> DATA SECTION:
^^^^^^^^

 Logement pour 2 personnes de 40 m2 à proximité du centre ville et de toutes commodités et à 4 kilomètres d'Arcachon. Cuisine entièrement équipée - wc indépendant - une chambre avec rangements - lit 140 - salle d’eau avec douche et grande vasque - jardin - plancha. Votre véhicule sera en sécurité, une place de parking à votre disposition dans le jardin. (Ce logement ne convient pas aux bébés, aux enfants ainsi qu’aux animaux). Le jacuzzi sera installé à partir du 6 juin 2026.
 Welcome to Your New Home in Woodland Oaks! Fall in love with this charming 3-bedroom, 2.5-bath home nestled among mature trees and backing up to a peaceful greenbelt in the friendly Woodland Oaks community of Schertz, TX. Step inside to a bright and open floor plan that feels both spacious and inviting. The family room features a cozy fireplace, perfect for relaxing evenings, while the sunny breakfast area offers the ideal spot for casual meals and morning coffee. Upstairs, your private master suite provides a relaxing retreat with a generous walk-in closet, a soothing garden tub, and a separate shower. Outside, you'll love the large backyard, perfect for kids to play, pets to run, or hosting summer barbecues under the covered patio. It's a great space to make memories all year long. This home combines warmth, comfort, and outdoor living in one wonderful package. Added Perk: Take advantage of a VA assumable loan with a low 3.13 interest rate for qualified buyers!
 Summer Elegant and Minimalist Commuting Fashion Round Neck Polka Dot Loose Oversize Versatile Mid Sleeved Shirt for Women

^^^^^^^^

Retype the data precisely.

 Logement pour 2 personnes de 40 m2 à proximité du centre ville et de toutes commodités et à 4 kilomètres d'Arcachon. Cuisine entièrement équipée - wc indépendant - une chambre avec rangements - lit 140 - salle d’eau avec douche et grande vasque - jardin - plancha. Votre véhicule sera en sécurité, une place de parking à votre disposition dans le jardin. (Ce logement ne convient pas aux bébés, aux enfants ainsi qu’aux animaux). Le jacuzzi sera installé à partir du 6 juin 2026.
 Welcome to Your New Home in Woodland Oaks! Fall in love with this charming 3-bedroom, 2.5-bath home nestled among mature trees and backing up to a peaceful greenbelt in the friendly Woodland Oaks community of Schertz, TX. Step inside to a bright and open floor plan that feels both spacious and inviting. The family room features a cozy fireplace, perfect for relaxing evenings, while the sunny breakfast area offers the ideal spot for casual meals and morning coffee. Upstairs, your private master suite provides a relaxing retreat with a generous walk-in closet, a soothing garden tub, and a separate shower. Outside, you'll love the large backyard, perfect for kids to play, pets to run, or hosting summer barbecues under the covered patio. It's a great space to make memories all year long. This home combines warmth, comfort, and outdoor living in one wonderful package. Added Perk: Take advantage of a VA assumable loan with a low 3.13 interest rate for qualified buyers!
 Summer Elegant and Minimalist Commuting Fashion Round Neck Polka Dot Loose Oversize Versatile Mid Sleeved Shirt for Women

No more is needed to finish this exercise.